Excerpts from a dataset

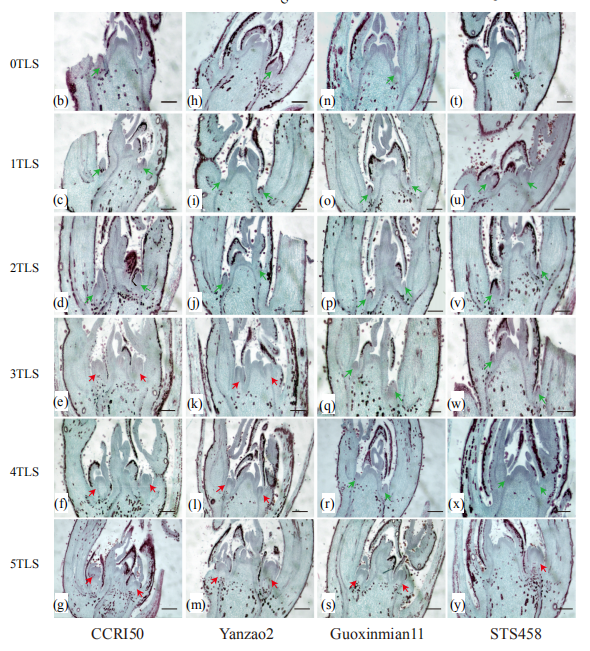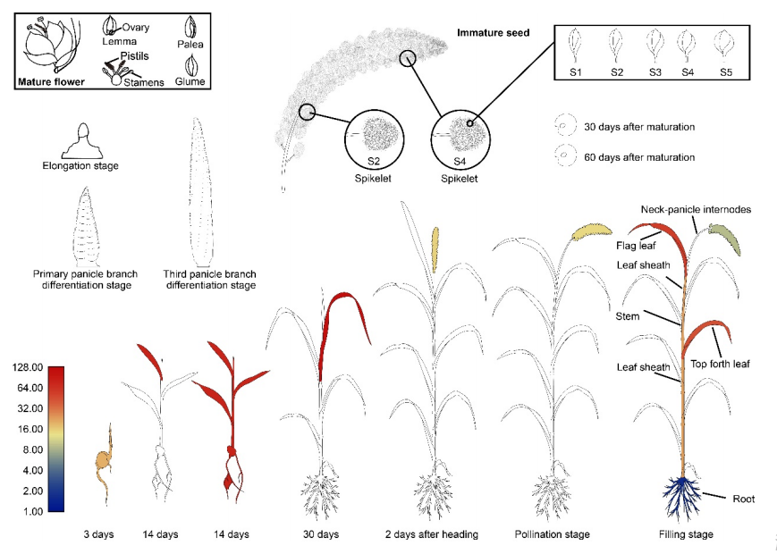 11個不同的組織:3日齡種子(種子)、2周齡整株苗(苗)、根、莖、2周齡苗的第一片全展葉(葉1),30日齡植株頂?shù)诙~(葉2)、旗葉(葉3)、第四葉(葉4)、未成熟的圓錐花序(圓錐花序1)、授粉期圓錐花序(圓錐花序2)、灌漿期圓錐花序(圓錐花序3);葉2有5個生物學重復,其他有3個生物學重復。
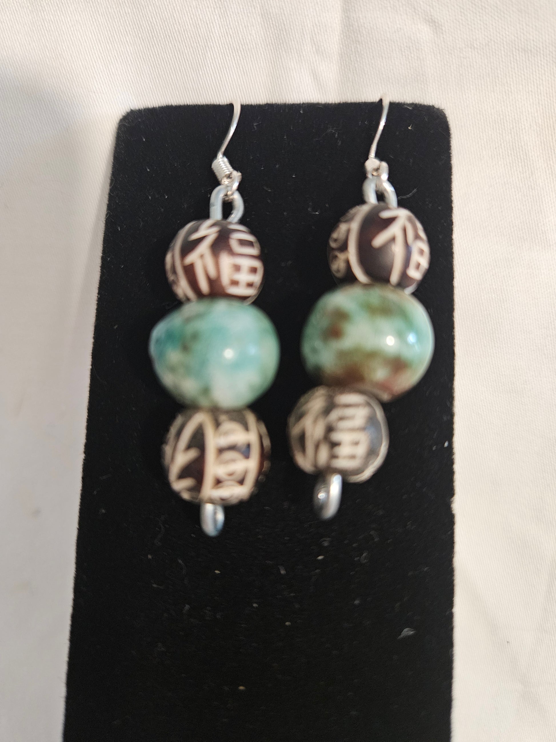These "Oriental Waters" earrings combine intricately carved oriental wooden beads with smooth, ocean-colored stone beads, creating a sophisticated balance of natural textures and serene hues. Expertly crafted, they offer a unique aesthetic that complements both casual and elegant styles, highlighting an appreciation for artisanal detail and timeless design. Ideal for those seeking refined, culturally inspired accessories that bring subtle elegance to any ensemble.
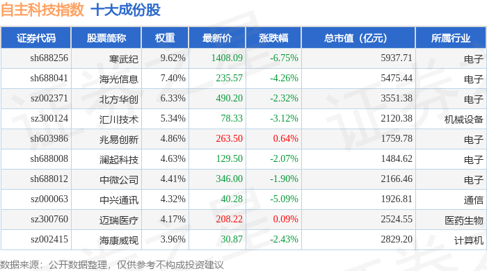 自主科技(980033)指数十大成份股详情如下:
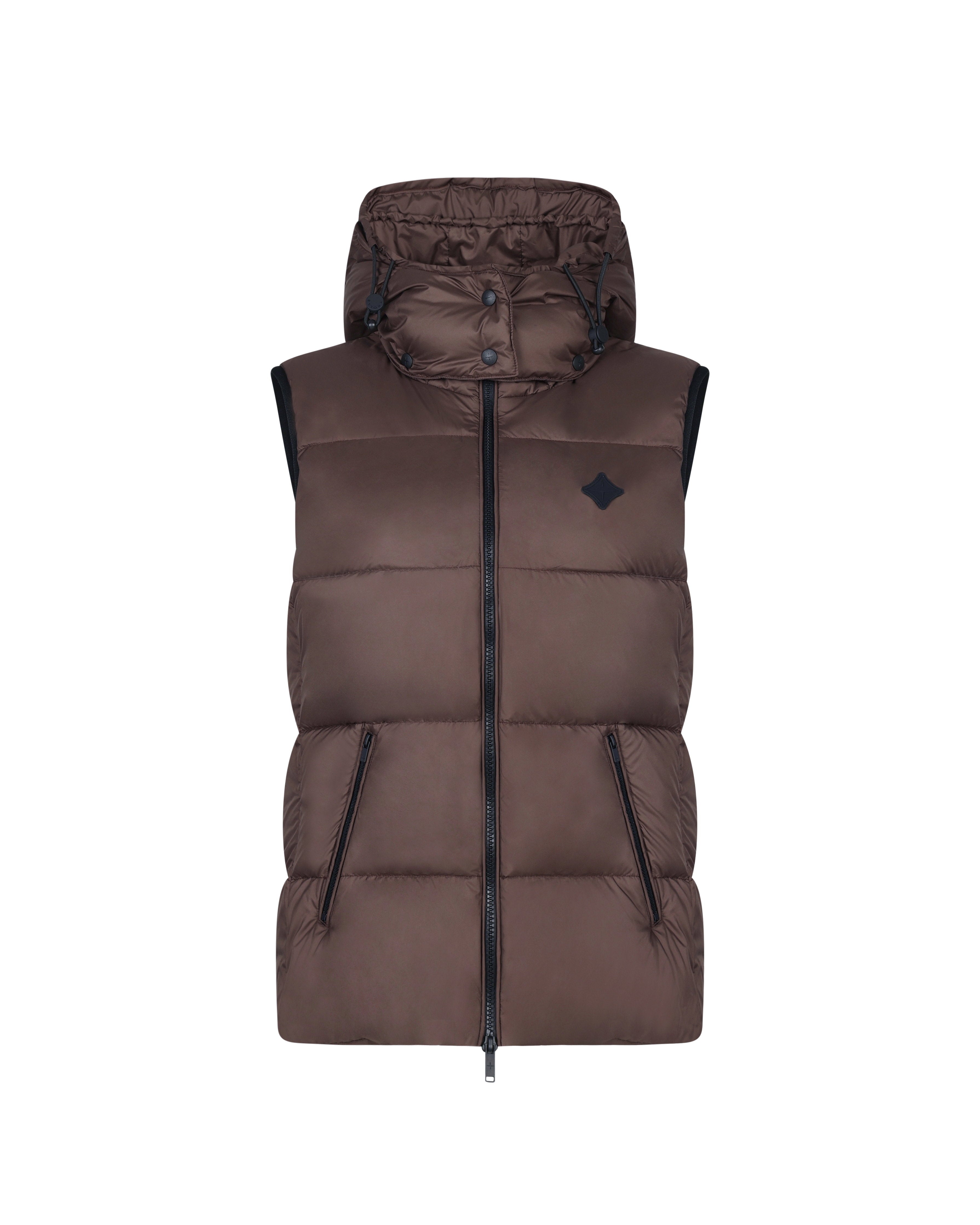 Lightweight sleeveless down jacket crafted from water-repellent polyester, offering high warmth-to-weight insulation in a streamlined design. A detachable hood and padded pocket detailing provide versatile functionality with a refined silhouette.
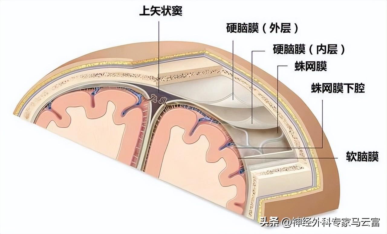 這兩層膜之間,有個平時空空的 “夾縫”,叫 硬膜下腔 。要是這裏的血管不小心破了,血液會慢慢滲進夾縫裏,越積越多,最後變成一灘 “血包”—— 這就是 硬膜下血腫!

TASK TO COMPLETE
I would like an exact copy of the lines from the one holding "to any ensemble." through the last line of the entries above, with the pictures left out.

RESPONSE AREA
These "Oriental Waters" earrings combine intricately carved oriental wooden beads with smooth, ocean-colored stone beads, creating a sophisticated balance of natural textures and serene hues. Expertly crafted, they offer a unique aesthetic that complements both casual and elegant styles, highlighting an appreciation for artisanal detail and timeless design. Ideal for those seeking refined, culturally inspired accessories that bring subtle elegance to any ensemble.
 自主科技(980033)指数十大成份股详情如下:
 Lightweight sleeveless down jacket crafted from water-repellent polyester, offering high warmth-to-weight insulation in a streamlined design. A detachable hood and padded pocket detailing provide versatile functionality with a refined silhouette.
 這兩層膜之間,有個平時空空的 “夾縫”,叫 硬膜下腔 。要是這裏的血管不小心破了,血液會慢慢滲進夾縫裏,越積越多,最後變成一灘 “血包”—— 這就是 硬膜下血腫!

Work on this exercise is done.